Antiviral efficacy of 7-deaza-2′-CMA in a mouse model of lethal WNV infection.
Based on the results showing 7-deaza-2′-CMA strongly inhibited WNV replication in vitro, we used this nucleoside to demonstrate its anti-WNV effect in a mouse model of WNV infection (Fig. 3A). WNV strain Eg-101 exhibits low pathogenicity in adult mice (28); therefore, WNV strain 13-104 was used in the in vivo experiments. BALB/c mice infected subcutaneously with a lethal dose of strain 13-104 (103 PFU/mouse) exhibited characteristic clinical signs of infection, such as ruffled fur, hunched posture, tremor, and paralysis of the limbs, within days 7 to 12 days p.i., with the majority of mice requiring euthanasia (Fig. 3B and C). The infection was accompanied by a rapid loss of body weight starting 7 days p.i., with a loss of more than 20% by 12 days p.i. (Fig. 3D). The mortality rate was 95% to 100% with a mean survival time of 10.5 ± 1.9 days (Fig. 2B). Viable virus was detected in the brains of WNV-infected mice 10 days p.i., which was characterized by a mean viral titer of 3.87 × 104 PFU/ml (Fig. 3E).
FIG 3.
7-Deaza-2′-CMA is effective at treating lethal West Nile virus (WNV) infection in a mouse model. (A) The design of the in vivo antiviral experiment. (B) Groups of adult BALB/c mice were infected with a lethal dose of WNV (strain 13-104) and treated twice daily with intraperitoneal 25 mg/kg 7-deaza-2′-CMA or saline (mock treatment) at the indicated times after WNV infection. Survival rates were monitored daily for 28 days. (C) Disease signs were scored as follows: 0, no signs; 1, ruffled fur; 2, slowing of activity or hunched posture; 3, asthenia or mild paralysis; 4, lethargy, tremor, or complete paralysis of the limbs; 5, death. (D) Changes in body weight within a 28-day experimental period. Points indicate the mean body weight values of ten mice, and the error bars indicate the standard errors of the means. (E) Groups of adult BALB/c mice were infected with a lethal dose of WNV and treated with 7-deaza-2′-CMA or saline. On day 10 postinfection, which corresponds to advanced brain infection, the brains of mice were collected and homogenized and the viral titers determined by plaque assay. *, P < 0.05; ***, P < 0.001; ****, P < 0.0001.

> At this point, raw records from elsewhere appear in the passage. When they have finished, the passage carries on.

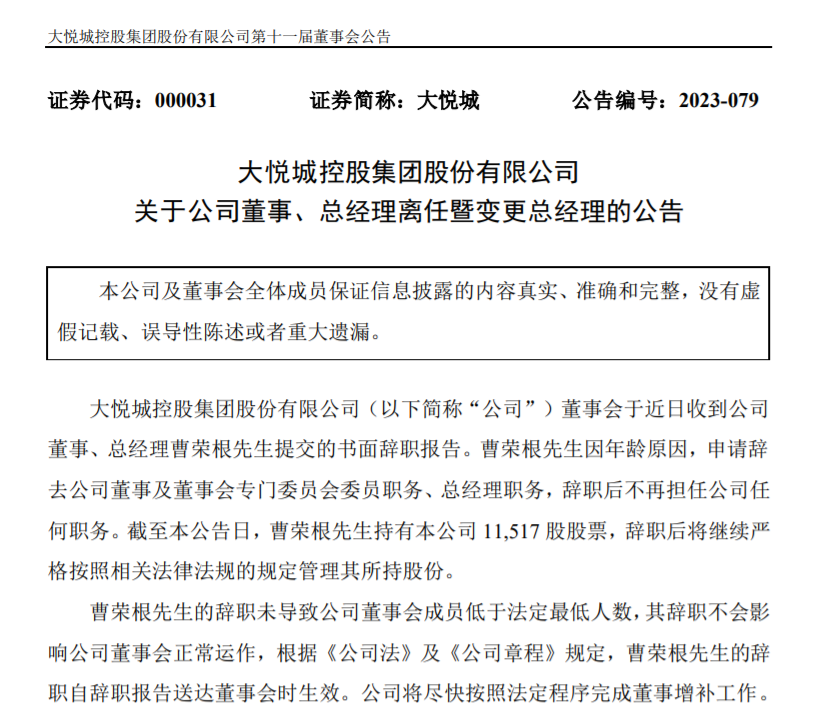 大公房产讯 近日,大悦城发布公告宣布,公司今日收到董事、总经理曹荣根提交的书面辞职报告。曹荣根因年龄原因,申请辞去公司董事及董事会专门委员会委员职务、总经理职务,辞职后不再担任公司任何职务。
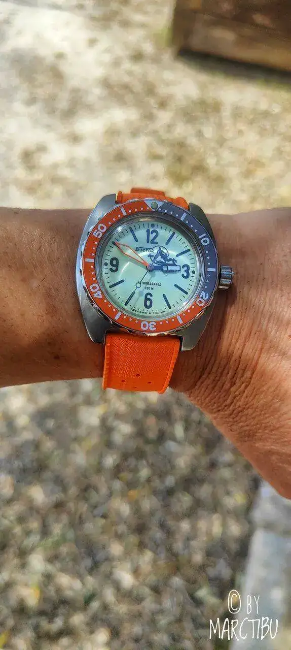 El brazalete no tiene marcas, probablemente es de manufactura artesanal, tiene su punto el colocar el reloj, y es muy comodo de portar, con relojes ligeros, un reloj mas "cabezon", hace que se balancee en la muñeca, pero con un reloj ligero como el Raketa, se queda en su sitio comodamente asentado.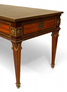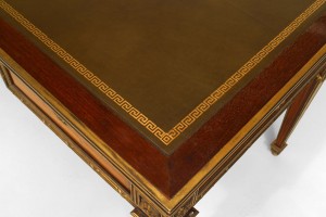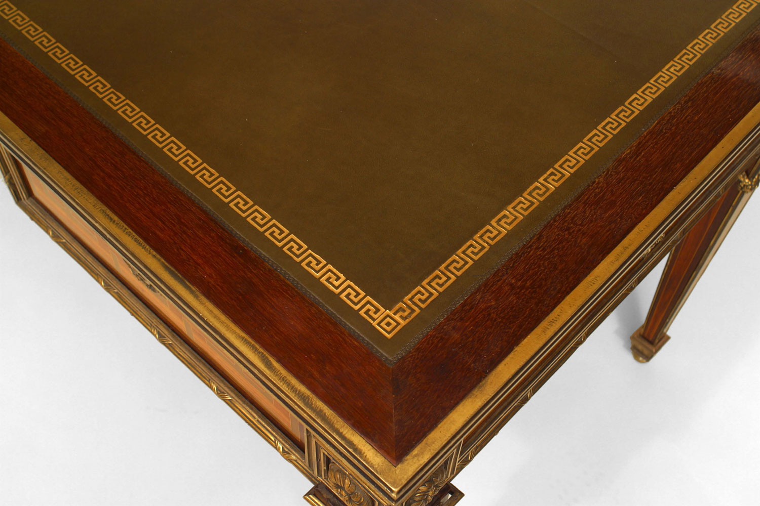 French Louis XVI style (English-19th Century) mahogany table desk with 3 drawers and various inlaid woods with bronze trim & swags on legs with a leather top (WROTHAM PARK)
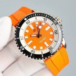 1: A dive watch must be both easy to read and convenient to operate. The maximum luminous coating on the hour markers and hands ensures clear readability in the dim light of the deep sea, like a small light bulb in the dark; convenience is achieved through a knurled ceramic bezel, a micro-zip folding clasp, and a precise mechanical movement paired with a scratch-resistant double-spherical sapphire crystal. 2. Geometric hands, clear and stylish. The hands of this watch showcase geometric charm to the fullest, a novel and harmonious combination that not only ensures clear readability but also leaves a lasting impression. 3. Listen to the sound, easy to operate. Those who appreciate mechanical watches are often captivated by the sound of winding and rotating the bezel. Listening to that distinct rhythm, one can more clearly feel the smooth operation of each component. The unidirectional rotating bezel and screw-down crown are meticulously crafted, allowing even those with long fingernails to operate them easily, and each interaction with the watch produces a crisp, pleasant mechanical sound. 4: Numerous choices, encourage bold experimentation. The Superocean series features a pure color scheme and attention to detail in its dial logo, bezel markings, and hour markers to highlight the vibrant dial colors. The multi-colored ceramic bezel paired with the colorful dial offers even more diverse options!

Treatment with 25 mg/kg of 7-deaza-2′-CMA twice a day, initiated at the time of virus inoculation and ceased 19 days p.i., resulted in a 100% survival rate (P < 0.0001) among WNV-infected mice (Fig. 3B). Nine of ten animals exhibited no clinical signs during the entire 28-day monitoring period; in one mouse, we observed slightly bristled fur and slowing activity between 13 and 20 days p.i (Fig. 3C). WNV-infected 7-deaza-2′-CMA-treated mice had a slight loss of body weight (8.2%) by 17 days p.i.; the weight began to increase again after 18 days p.i. (Fig. 3D). No viable virus was demonstrated in the brains of WNV-infected compound-treated mice 10 days p.i. (Fig. 3E). No apparent toxicity or other side effects were observed in mice treated with 7-deaza-2′-CMA (25 mg/kg, twice a day) throughout the treatment period.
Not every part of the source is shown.